A. Physical activity • An increase in physical activity can create an energy deficit, and is an important component of weight loss treatments. • In addition, physical activity increases cardiorespiratory fitness and reduces the risk of cardiovascular disease, independent of weight loss. • Persons who combine caloric restriction and exercise with behavioral treatment may expect to lose about 5–10% of preintervention body weight over a period of 4–6 months.
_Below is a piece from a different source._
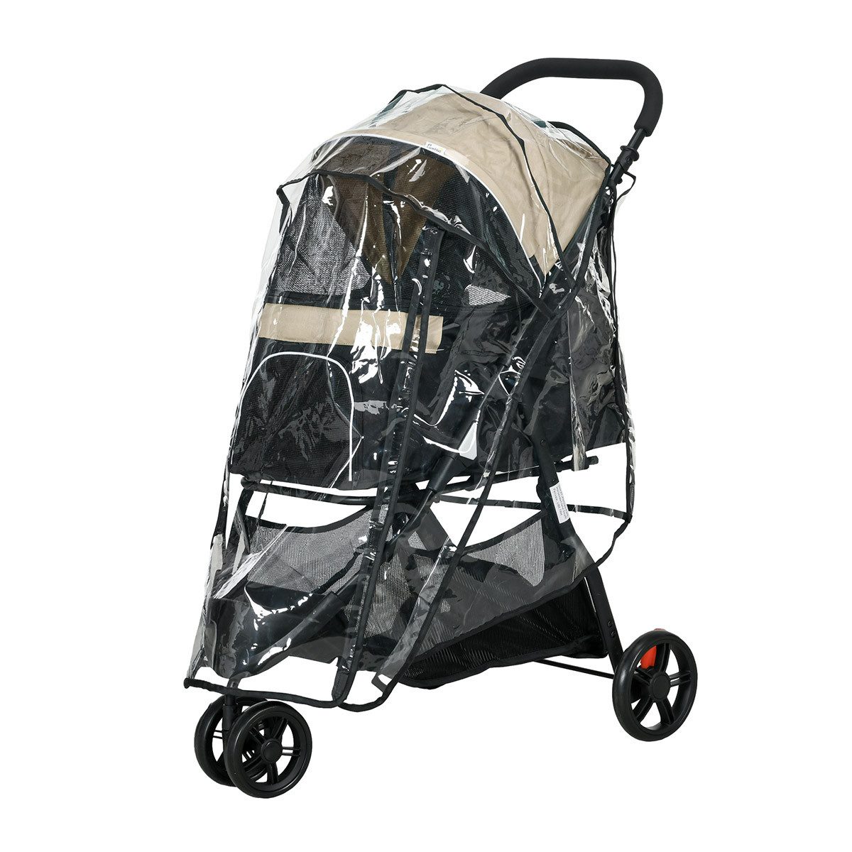 Vier Räder: Die Bremsen und die Stoßdämpfungseinrichtung an den hinteren Rädern dieses Hundewagens sorgen für Sicherheit, während die 360° beweglichen Vorderräder für reibungslose Fortbewegung und einfaches Schieben sorgen

Exercise is an essential component of maintaining weight reduction.
B. Caloric restriction • Dieting is the most commonly practiced approach to weight control. • Since 1 pound of adipose tissue corresponds to approximately 3,500 kcal, one can estimate the effect of caloric restriction on the reduction in adipose tissue. • Caloric restriction is ineffective over the long term for many individuals. • More than 90% of people who attempt to lose weight regain the lost weight when dietary intervention is suspended.
Nonetheless, it is important to recognize that, although few individuals will reach their ideal weight with treatment, • weight losses of 10% of body weight over a 6-month period often reduce blood pressure and lipid levels, and enhance control of Type 2 diabetes. • The health benefits of relatively small weight losses should, therefore, be emphasized to the the patient.
C. Pharmacologic and surgical treatment • Two weight-loss medications are currently approved by the U.S. Food and Drug Administration for use in adults who have a BMI of 30 or higher. • The first, sibutramine, is an appetite suppressant that inhibits the reuptake of both serotonin and norepinephrine. • The second, orlistat, is a lipase inhibitor that inhibits gastric and pancreatic lipases, thus decreasing the breakdown of dietary fat into smaller molecules.
Surgical procedures designed to reduce food consumption are an option for the severely obese patient who has not responded to other treatments. • Surgery produces greater and more sustained weight loss than dietary or pharmacologic therapy, but has substantial risks for complications.